A gas communication passage 21 for supplying an electrolytic gas containing hydrogen gas after gas-liquid separation to the generated hydrogen processing means 16 through a gas vent 20 is connected to the upper end of the gas-liquid separation unit 15. The gas-liquid separation unit 15 has a float 22 that can move up and down according to the liquid level of hypochlorous acid water,
Further, a valve body 23 that opens and closes the gas vent 20 in conjunction with the float 22 is provided. In this way,
The gas-liquid separation unit 15 separates gas and liquid into hypochlorous acid water and an electrolytic gas containing hydrogen gas, and the hypochlorous acid water is supplied to a hypochlorous acid water supply path 19, and the electrolytic gas Is supplied to the generated hydrogen treatment means 16.

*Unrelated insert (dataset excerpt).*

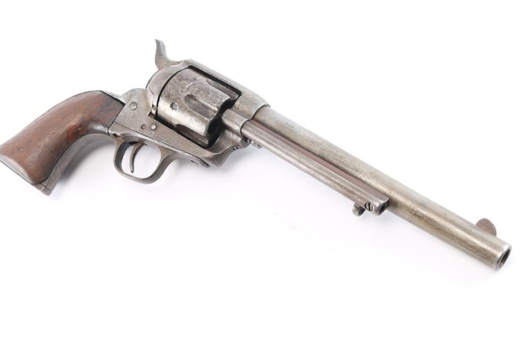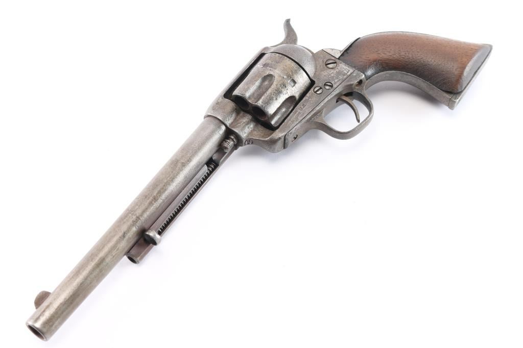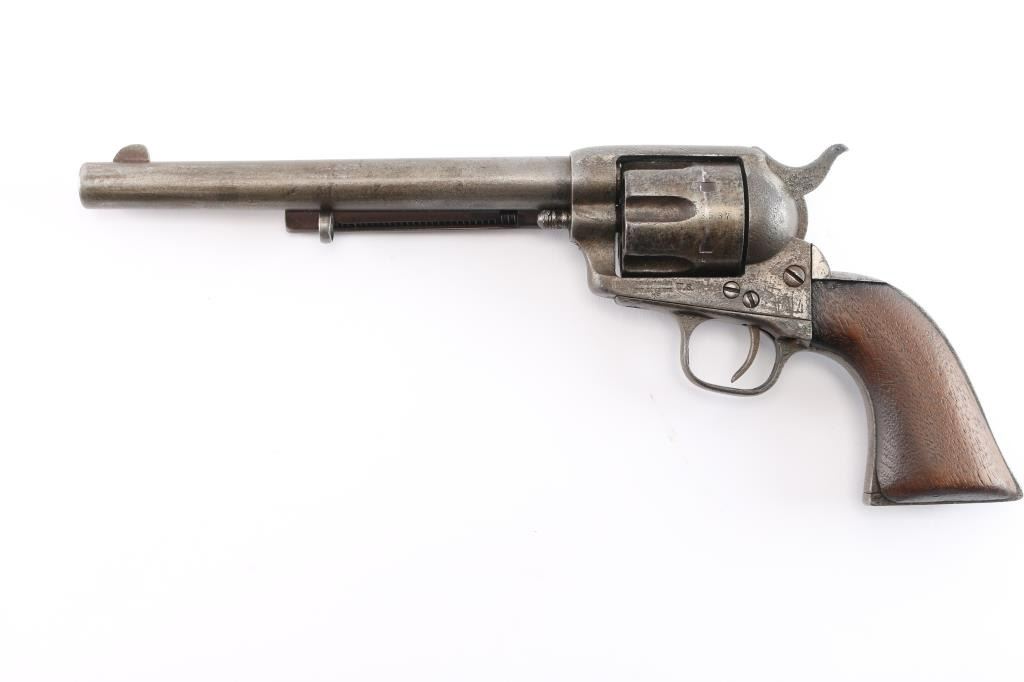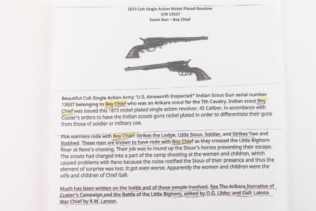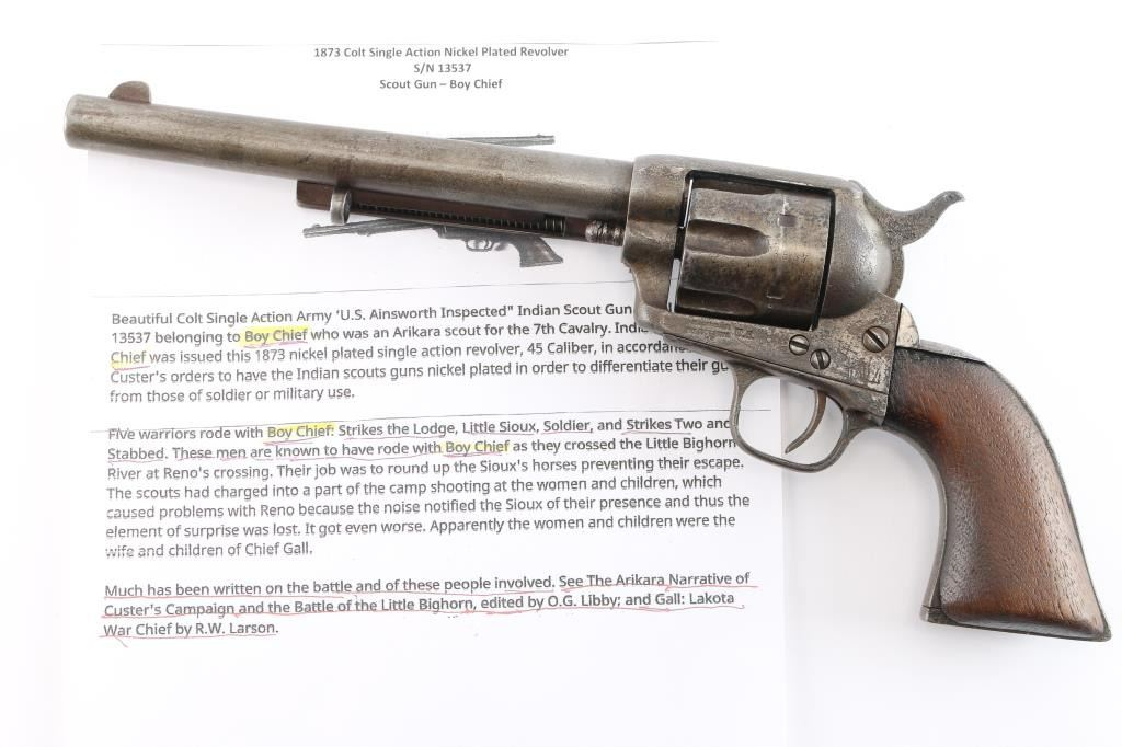 Colt Single Action Army U.S. martially inspected Cavalry revolver, inspected by Ainsworth with research indicating ownership by the "Boy Chief". Serial #13517 with traces of old period nickel plate, some pitting and erosion, wood grips showing large ship and losses with even frontier wear and use. Matching visible numbers, correct small parts and screws. Grips undersized greatly from wear, sanding or replacement. A research folder (included) notes sale of Arikana Scouts 1873 single action revolvers and lists 13517, this revolver, as Boy Chief (Black Calf). Also lists, sale of 115 revolvers by Hartley and Graham. The aforementioned list does not document the original source, though this revolver by serial number is known as the Boy Chief Colt S.A. from a prominent western history collection.

The generated hydrogen treatment means 16 is provided with a catalyst B in a reaction vessel 24 for oxidizing the hydrogen gas in the electrolytic gas and the oxygen in the air, and for introducing external air into the reaction vessel 24. An opening 25 is formed. And
The electrolytic gas containing hydrogen gas flows from the lower side to the upper side, and in the reaction vessel 24, the catalyst B causes an oxidation reaction with oxygen in the air, that is, a catalytic reaction. Is discharged to the outside of the hypochlorous acid water generator T. In addition,
As the catalyst B, for example, platinum, copper, or another metal catalyst for reacting hydrogen gas with oxygen is used.

The hot water channel 4 is provided with a hot water flow control valve 26 and a hot water valve 27 in order from the water heater 11 side.
The hypochlorous acid water supply passage 19 is located downstream of the hot water valve 27.
Are connected to each other, and a mixing valve 28 is provided at the connection point. The mixing means 6 is configured by the hot water valve 27 and the mixing valve 28. And this mixing means 6
The hot water valve 27 is opened, the mixing valve 28 mixes the hypochlorous acid water from the hypochlorous acid water supply passage 19 with the warm water from the hot water passage 4 and supplies the mixed water to the hot and cold water supply passage 5. ,
The hot water valve 27 is closed, and the mixing valve 28 supplies the hypochlorous acid water from the hypochlorous acid water supply passage 19 to the hot water supply passage 5 without mixing the hot water from the hot water passage 4. It is configured to be switchable between and.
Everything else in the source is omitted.